►

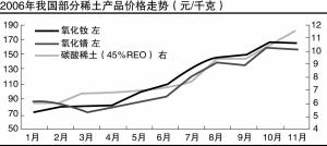 据记者调查,5月中旬至6月中旬,短短一个月时间,市场上金属镨、钕的现货报价最高已达30万左右/吨,这一价格较2006年初累计上涨高达120%-150%。实际上,自2005年下半年起,稀土资源扭转了一度“贱卖”境地,价格开始逐步回升。
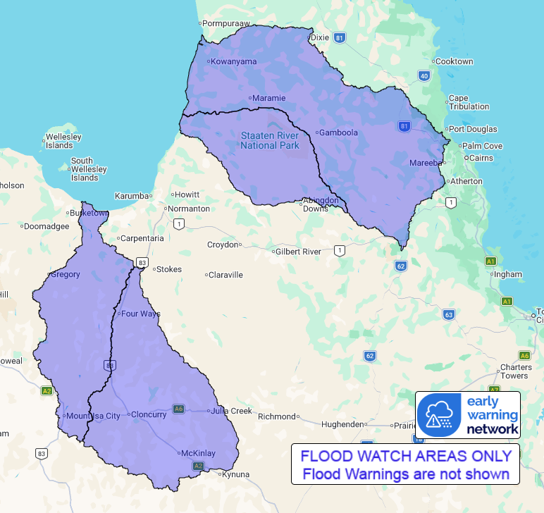 A trough and moist tropical airmass lingers across the southern Gulf of Carpentaria Coast and Cape York Peninsula. This trough may bring moderate to locally heavy rainfall across parts of the Cape York Peninsula and Gulf Country that will begin to ease from Saturday. Further flooding is possible over the next few days.
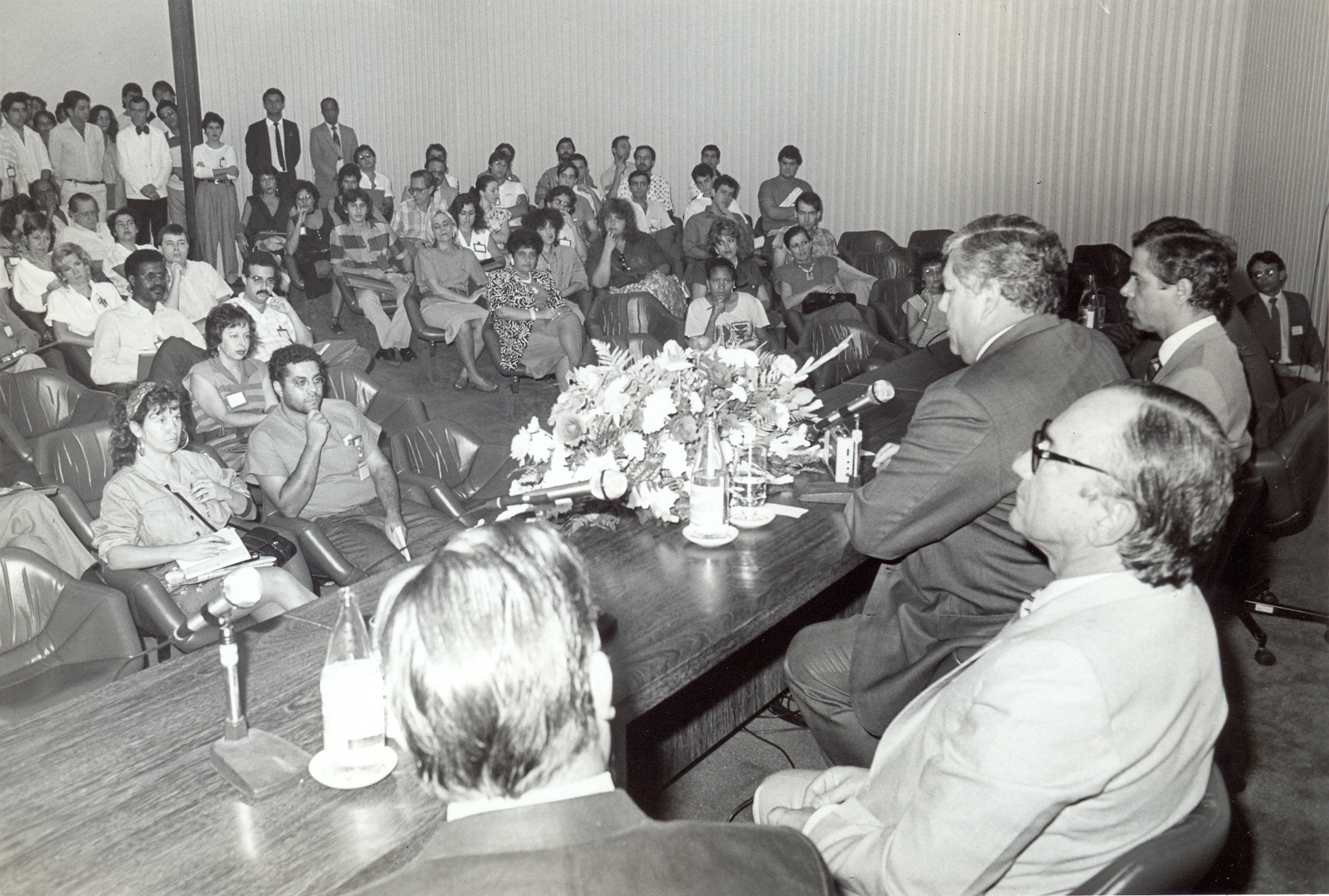 Seminário “Microeletrônica e Sociedade: impactos de tecnologias emergentes”, promovido pela Fundação João Pinheiro (FJP), com o apoio da Financiadora de Estudos e Projetos (FINEP) e da Fundação de Amparo à Pesquisa de Estado de Minas Gerais (FAPEMIG). Vê-se a partir da esquerda: à mesa, Hamilton Parma, presidente da FJP; Newton Cardoso, governador do Estado de Minas Gerais; José Ivo Gomes de Oliveira, secretario de Estado de Ciência e Tecnologia, e parte da plateia.
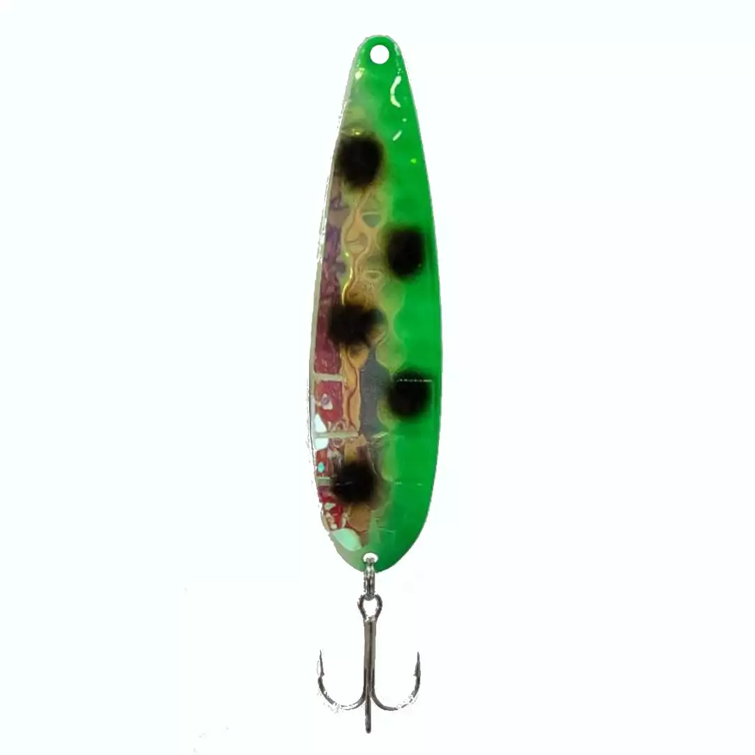 The Moonshine RV Spoon is a hand painted, UV reflective spoon designed to attract salmon, steelhead, trout, pike and many other species. The silver back delivers eye-catching flashes that fish can’t resist.

◄

What you have to do:
From the first line of the material down to the line containing "parte da plateia.", inclusive, return each line exactly, skipping any picture.

Result:
 据记者调查,5月中旬至6月中旬,短短一个月时间,市场上金属镨、钕的现货报价最高已达30万左右/吨,这一价格较2006年初累计上涨高达120%-150%。实际上,自2005年下半年起,稀土资源扭转了一度“贱卖”境地,价格开始逐步回升。
 A trough and moist tropical airmass lingers across the southern Gulf of Carpentaria Coast and Cape York Peninsula. This trough may bring moderate to locally heavy rainfall across parts of the Cape York Peninsula and Gulf Country that will begin to ease from Saturday. Further flooding is possible over the next few days.
 Seminário “Microeletrônica e Sociedade: impactos de tecnologias emergentes”, promovido pela Fundação João Pinheiro (FJP), com o apoio da Financiadora de Estudos e Projetos (FINEP) e da Fundação de Amparo à Pesquisa de Estado de Minas Gerais (FAPEMIG). Vê-se a partir da esquerda: à mesa, Hamilton Parma, presidente da FJP; Newton Cardoso, governador do Estado de Minas Gerais; José Ivo Gomes de Oliveira, secretario de Estado de Ciência e Tecnologia, e parte da plateia.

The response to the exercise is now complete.